Donald Trump is set to meet some 700 evangelical pastors tomorrow at a gathering in Florida hosted by the American Renewal Project (ARP).

Bloomberg said that the 'Pastors and Pews' meeting would be a "friendly room" for the Republican presidential nominee, largely based on his promise to repeal the Johnson amendment which prohibits churches from using their tax-exempt resources to promote political candidates.

"That's a good first step," David Lane, the American Renewal Project's founder, told Bloomberg. "But what about the religious liberty of Christian photographers, Christian bakers, Christian retreat centres, and pastors who believe same-sex intercourse and marriage is sin? These Christians were simply living out their deeply held convictions of their Christian faith when they politely refused to provide services for a same-sex wedding.

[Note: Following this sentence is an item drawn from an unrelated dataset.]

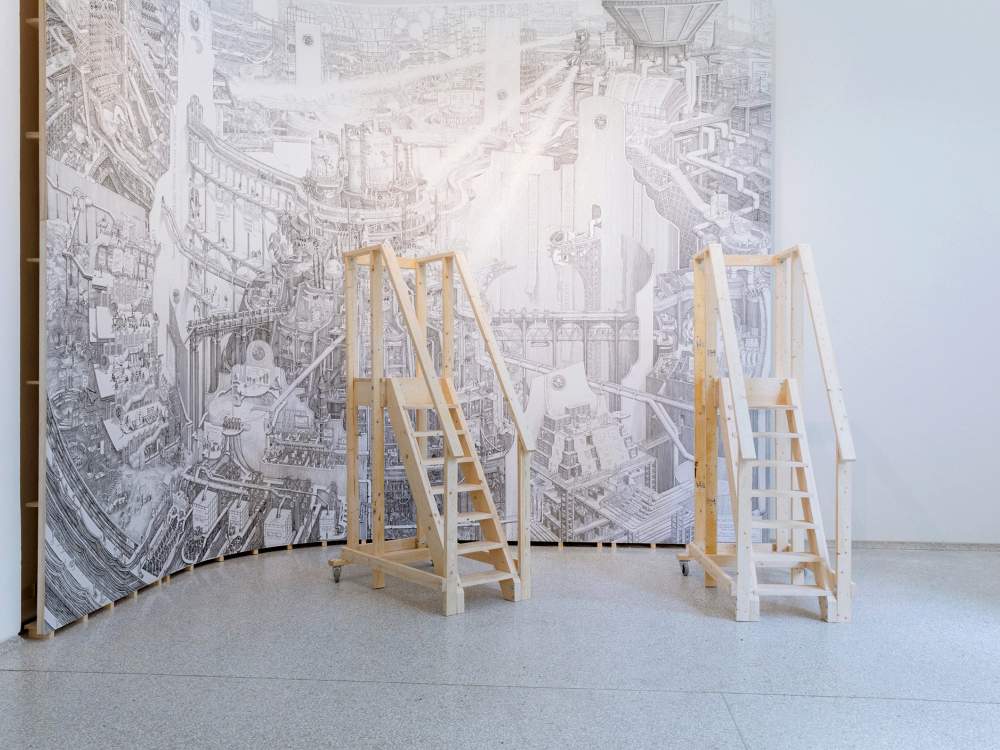 Tanto tecnico e pragmatico quanto metaforico ed evocativo. Al centro dell’allestimento gli elementi connettivi che strutturano città ed edifici in termini di flussi economici e idraulici. Ne risulta un Padiglione composto: un po’ magazzino edile con atmosfere piranesiane (bellissimi i grandi disegni) e ardite sovrapposizioni disciplinari. Tutto scorre.

Doesn't the First Amendment give us all a right to our beliefs?"

Controversially, Lane added: "Homosexual totalitarianism is out of the closet, the militants are trying herd Christians there."

The Pastors and Pews gatherings of pastors and their spouses became influential in the 2012 election cycle in the US, as a way of pushing a conservative, Bible-based agenda on politicians and voters.

Of the 2016 candidates, those who attended were Texas Senator Ted Cruz, former Arkansas Governor Mike Huckabee, Kentucky Senator Rand Paul, then-Louisiana Governor Bobby Jindal, former Texas Governor Rick Perry, and Florida Senator Marco Rubio.

Lane said that Hillary Clinton, the Democratic nominee was invited to the conference on Thursday and Friday but she appears to have declined the invitation.

According to a recent Pew Research Centre survey, Trump leads Clinton by among white evangelicals and a more recent poll by the Washington Post and ABC News conducted between 1-4 August shows that lead to be 76 per cent to 18 per cent. However, the same poll showed Clinton with an eight point lead overall, on 50 per cent to Trump's 42 per cent. 

Rubio is also set to join this week's Pastors and Pews gathering. Rubio's appearance is controversial among gay rights groups because, having said for months that he would not seek re-election to his Senate seat, he claimed to have changed his mind a week after the massacre at a gay nightclub on 12 June.

Answering his critics over his appearance at the meeting, Rubio told the Tampa Bay Times: "Leave it to the media and liberal activists to label a gathering of faith leaders as an anti-LGBT event. It is nothing of the sort. It is a celebration of faith."

After the Orlando shootings, Trump said: "Clinton wants to allow radical Islamic terrorists to pour into our country—they enslave women, and murder gays. I don't want them in our country".

Trump was reportedly persuaded to join tomorrow's event by Liberty University president Jerry Falwell Jr.